What the exercise asks – In the data below, locate the line containing "Oriental Longhair Cat" and the line containing "batería \nCon 2pcs 2.", then retype both and everything between them exactly. Pictures are not part of the copy.

Task input –
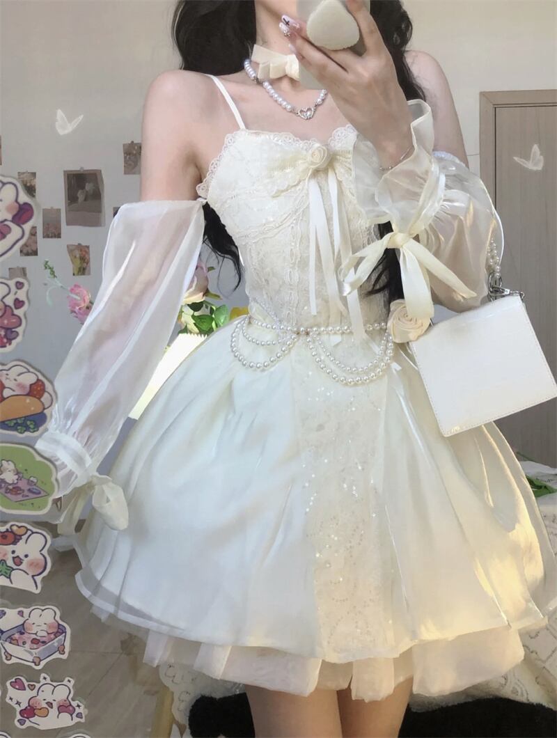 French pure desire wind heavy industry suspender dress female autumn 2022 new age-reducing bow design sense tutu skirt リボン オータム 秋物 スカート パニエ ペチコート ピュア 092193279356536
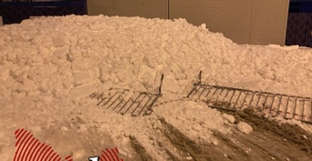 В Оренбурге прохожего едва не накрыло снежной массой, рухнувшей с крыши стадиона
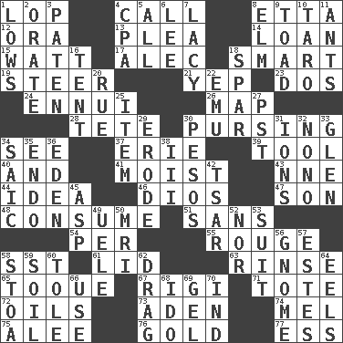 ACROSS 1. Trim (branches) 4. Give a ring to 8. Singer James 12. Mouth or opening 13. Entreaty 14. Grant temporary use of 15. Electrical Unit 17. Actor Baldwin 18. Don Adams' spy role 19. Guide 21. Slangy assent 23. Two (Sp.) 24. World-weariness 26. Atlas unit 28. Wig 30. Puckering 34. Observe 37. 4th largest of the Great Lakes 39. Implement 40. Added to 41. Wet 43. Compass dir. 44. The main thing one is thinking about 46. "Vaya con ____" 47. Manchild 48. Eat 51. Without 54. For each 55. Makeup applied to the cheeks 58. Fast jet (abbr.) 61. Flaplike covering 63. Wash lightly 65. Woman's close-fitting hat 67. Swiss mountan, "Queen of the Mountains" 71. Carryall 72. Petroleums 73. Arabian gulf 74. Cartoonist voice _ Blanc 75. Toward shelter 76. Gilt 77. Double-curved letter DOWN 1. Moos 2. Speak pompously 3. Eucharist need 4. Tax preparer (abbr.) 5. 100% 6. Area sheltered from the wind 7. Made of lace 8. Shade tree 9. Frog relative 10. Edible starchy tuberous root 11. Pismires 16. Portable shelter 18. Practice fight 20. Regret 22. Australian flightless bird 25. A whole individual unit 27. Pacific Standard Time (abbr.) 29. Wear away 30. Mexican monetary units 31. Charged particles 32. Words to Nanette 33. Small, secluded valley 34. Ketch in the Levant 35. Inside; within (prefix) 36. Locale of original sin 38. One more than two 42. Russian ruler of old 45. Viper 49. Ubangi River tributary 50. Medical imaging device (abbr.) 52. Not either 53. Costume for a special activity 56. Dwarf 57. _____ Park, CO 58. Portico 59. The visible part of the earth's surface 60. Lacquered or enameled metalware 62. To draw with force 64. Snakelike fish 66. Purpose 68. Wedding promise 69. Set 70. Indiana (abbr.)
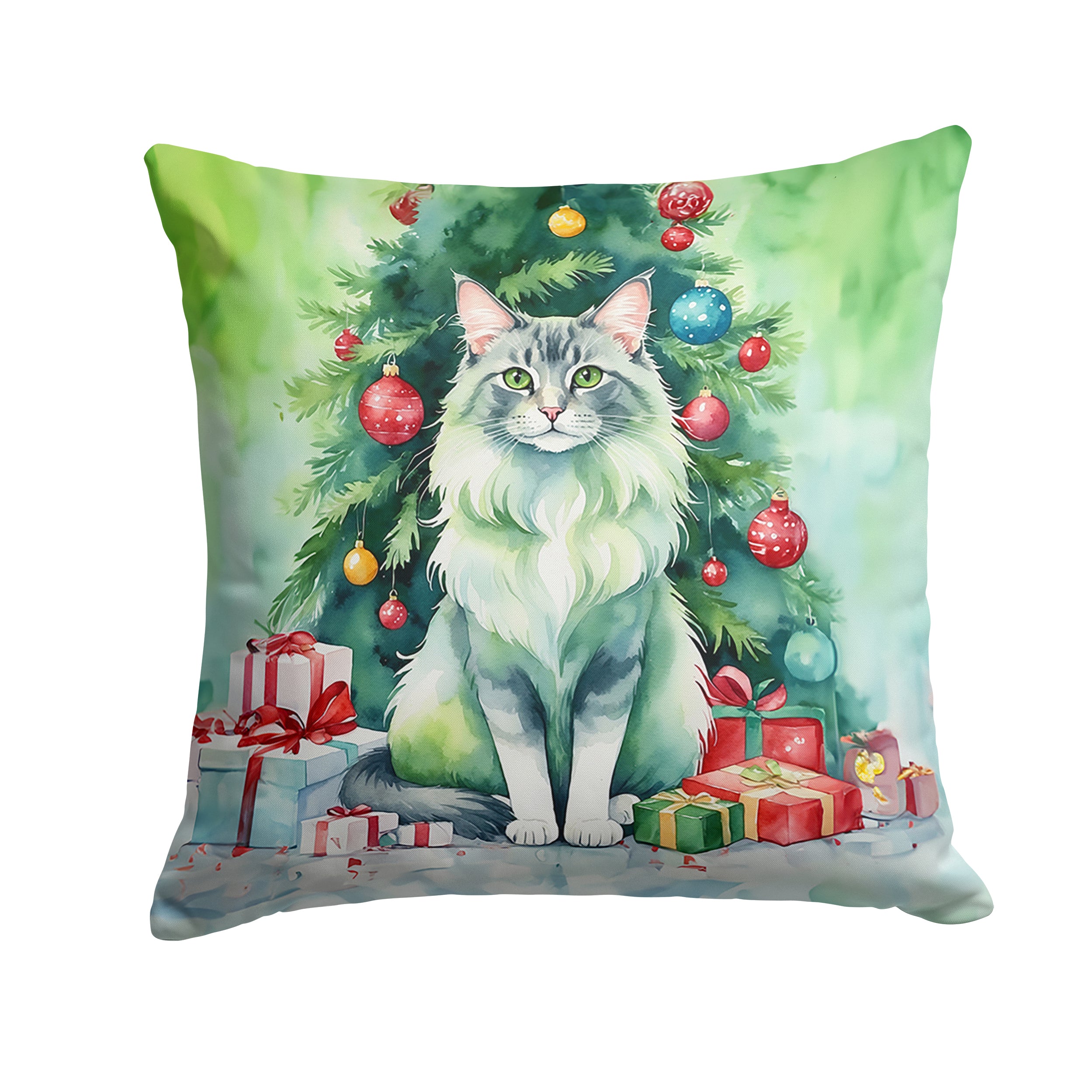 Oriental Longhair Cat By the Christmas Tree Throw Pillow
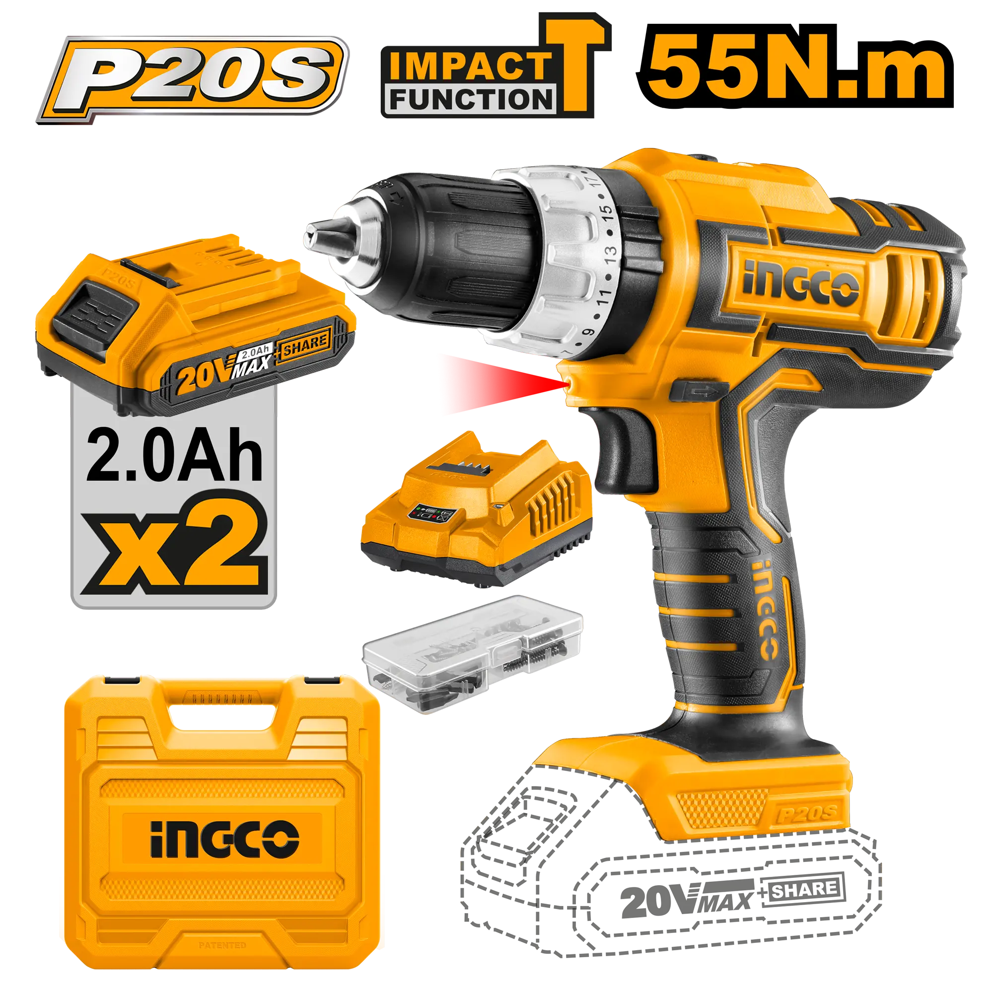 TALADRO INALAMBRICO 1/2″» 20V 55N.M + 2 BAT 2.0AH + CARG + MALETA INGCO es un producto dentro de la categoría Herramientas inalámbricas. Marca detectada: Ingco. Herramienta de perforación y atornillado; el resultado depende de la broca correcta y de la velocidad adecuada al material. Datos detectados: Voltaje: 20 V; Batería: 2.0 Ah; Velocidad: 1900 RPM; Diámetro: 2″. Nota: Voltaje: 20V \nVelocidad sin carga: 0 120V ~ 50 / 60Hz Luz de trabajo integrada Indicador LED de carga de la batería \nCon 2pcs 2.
---
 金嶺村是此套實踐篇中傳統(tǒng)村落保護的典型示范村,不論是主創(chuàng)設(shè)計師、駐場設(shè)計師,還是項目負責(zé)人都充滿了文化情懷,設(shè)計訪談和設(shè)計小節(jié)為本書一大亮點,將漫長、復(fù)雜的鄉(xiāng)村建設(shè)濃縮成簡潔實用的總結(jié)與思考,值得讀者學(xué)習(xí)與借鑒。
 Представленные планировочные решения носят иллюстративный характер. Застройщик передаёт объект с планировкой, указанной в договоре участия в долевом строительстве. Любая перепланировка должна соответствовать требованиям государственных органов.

Solution below –
 Oriental Longhair Cat By the Christmas Tree Throw Pillow
 TALADRO INALAMBRICO 1/2″» 20V 55N.M + 2 BAT 2.0AH + CARG + MALETA INGCO es un producto dentro de la categoría Herramientas inalámbricas. Marca detectada: Ingco. Herramienta de perforación y atornillado; el resultado depende de la broca correcta y de la velocidad adecuada al material. Datos detectados: Voltaje: 20 V; Batería: 2.0 Ah; Velocidad: 1900 RPM; Diámetro: 2″. Nota: Voltaje: 20V \nVelocidad sin carga: 0 120V ~ 50 / 60Hz Luz de trabajo integrada Indicador LED de carga de la batería \nCon 2pcs 2.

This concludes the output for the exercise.